Sort of a Hiatus but...Not Really

Hey, everyone! I've been absent for a week. Maybe two.


During this sudden hiatus, I thought a lot. About everything. About life, my blog, the impending exams of doom that I'm not completely positive I am prepared for and I realized that my problem is myself. I create my own disasters, the metaphoric personal hell is a phantasm conjured by me to give reason for why things don't go the way that I want them to. The fact of the matter is things don't go the way I want them to simply because I am lazy, or rather, I am so consumed by all the technological distractions present that I procrastinate everything. Ah, procrastination, the dreadful thing. To be honest, this post was procrastinated ad I had no idea what I was going to write before I started drafting it.

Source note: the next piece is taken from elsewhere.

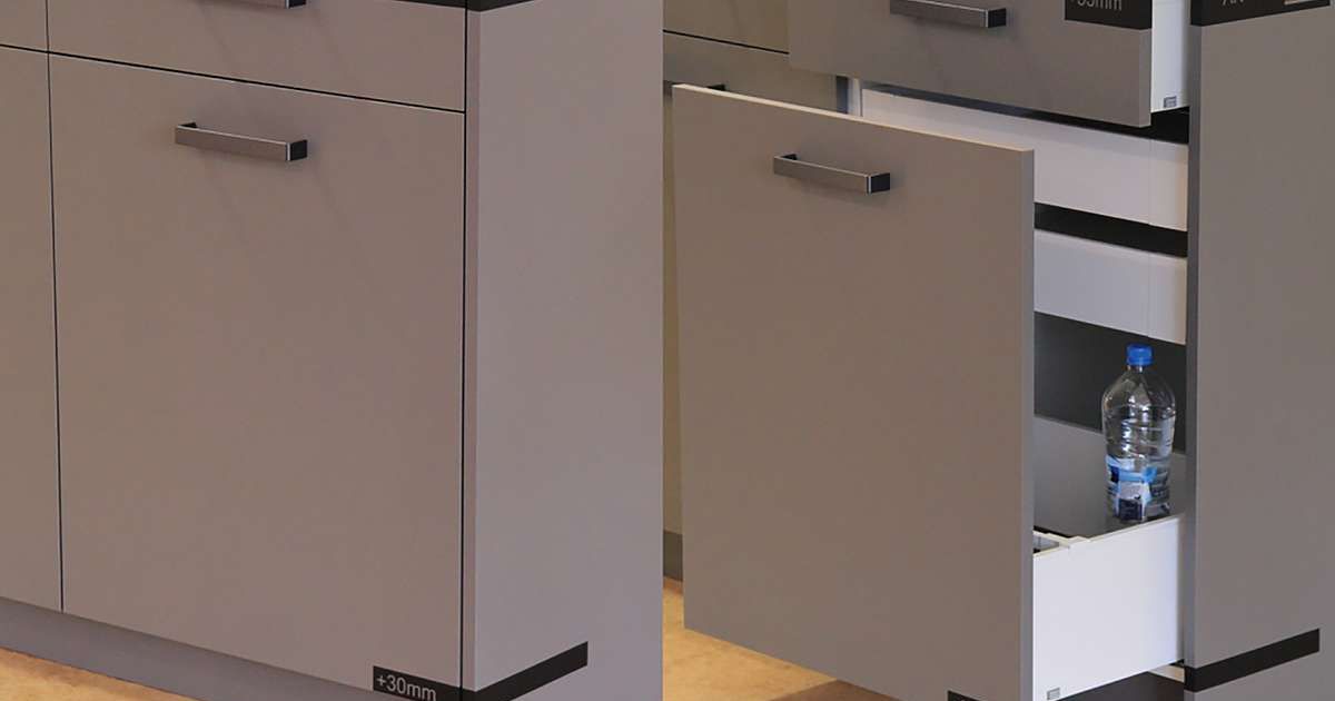 Das Sortiment «AK+85» wurde ausserhalb jeder Küchennorm entwickelt. Die Frontenaufteilung befindet sich ausserhalb eines Rasters, aber trotzdem in einer optisch ansprechenden Höheneinteilung. So können die Platzmöglichkeiten im Möbel so optimal wie möglich gestaltet werden. In diesen durchdachten Schubladen finden im unteren Teil 1,5-Liter-Pet-Flaschen Platz. In der obersten Schublade, ausgeführt mit einer Blum Legrabox K-Zarge, können beispielsweise Gewürzdosen oder Kaffeetassen platziert werden. Diese Einteilung der Schubladen bietet auch grosszügige Platzverhältnisse unterhalb des Kochfeldes. Ein Verstärkungssteg für dünne Arbeitsplatten findet problemlos im Möbel Platz. Niedrige Schubladenzargen gehören definitiv der Vergangenheit an.

The issue that is at the forefront of my mind is school. For the past few months, I've been slacking, a lot, not studying as much I should, as much as is necessary and I guess I'm starting to feel the ghastly effects of my decisions. I have exams in less than a month and not the ones that I can fail, laugh about and move on from. They're serious and I need to do well and...I am terrified, I've realized. I feel like I am behind everyone else, particularly in Advanced Math and Physics and I just do not want to do badly because...because, well, my classmates and most people that I come in contact with (not even being cocky) assume that I am "that girl". You know, the boring, stick-in-the-mud, doesn't-go-to-parties one who spends all of her time studying and gets good grades. The truth is, studying isn't really my thing, I leave everything for the last minute and then, I cram knowledge into my brain.I have a somewhat good memory and even though my mind rebels at the idea that I've been stereotyped and people presume that my "brilliant" future is decided, I yearn to exceed because it is just my nature.

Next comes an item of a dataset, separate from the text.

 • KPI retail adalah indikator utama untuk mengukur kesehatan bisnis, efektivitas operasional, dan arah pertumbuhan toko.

I have come to terms with the fact that I am an overachiever, a lackadaisical one but one who at the end, tries her best even in steep three-weeks-until-exams situations like this one. All of my time needs to be devoted to studying right now, to catching up, to doing better and I can't do that if my number one focus in life is my blog and its happenings. I love my blog and I want it to grow, more than anything, I want to watch it thrive and know that my hard work allows for this but I can't...not at this moment.

This is not a hiatus.

Not at all.

I promise that I will still post, probably not as regularly as I would like but at least once a week until the end of May. I feel stuck, in a tough position because I do not want to do this but I have to. I know that I have a million and one review books to read and I will read, hopefully, during this "blogging but not really" time. I will read and study and ace these stupid but necessary little tests that society throws my way to determine how intelligent I am and I will devote myself to my blog and expanding it and making it the most frickin' beautiful thing you've ever seen.

That's all I wanted to say. Also that I love anyone who takes the time out of their day to read what I write and until my next blog post...remember that. :)


4 comments:

  1. I completely understand this post. I'm an overachiever too. I love to burn myself out with whatever I do. Somehow, I achieved 90's in all subjects and anyone who tells you its hard, doesn't know the half of it. GETTING the 90's is only half the battle. The other half is maintaining them. I'm feeling really stressed about it and I totally understand how you feel too.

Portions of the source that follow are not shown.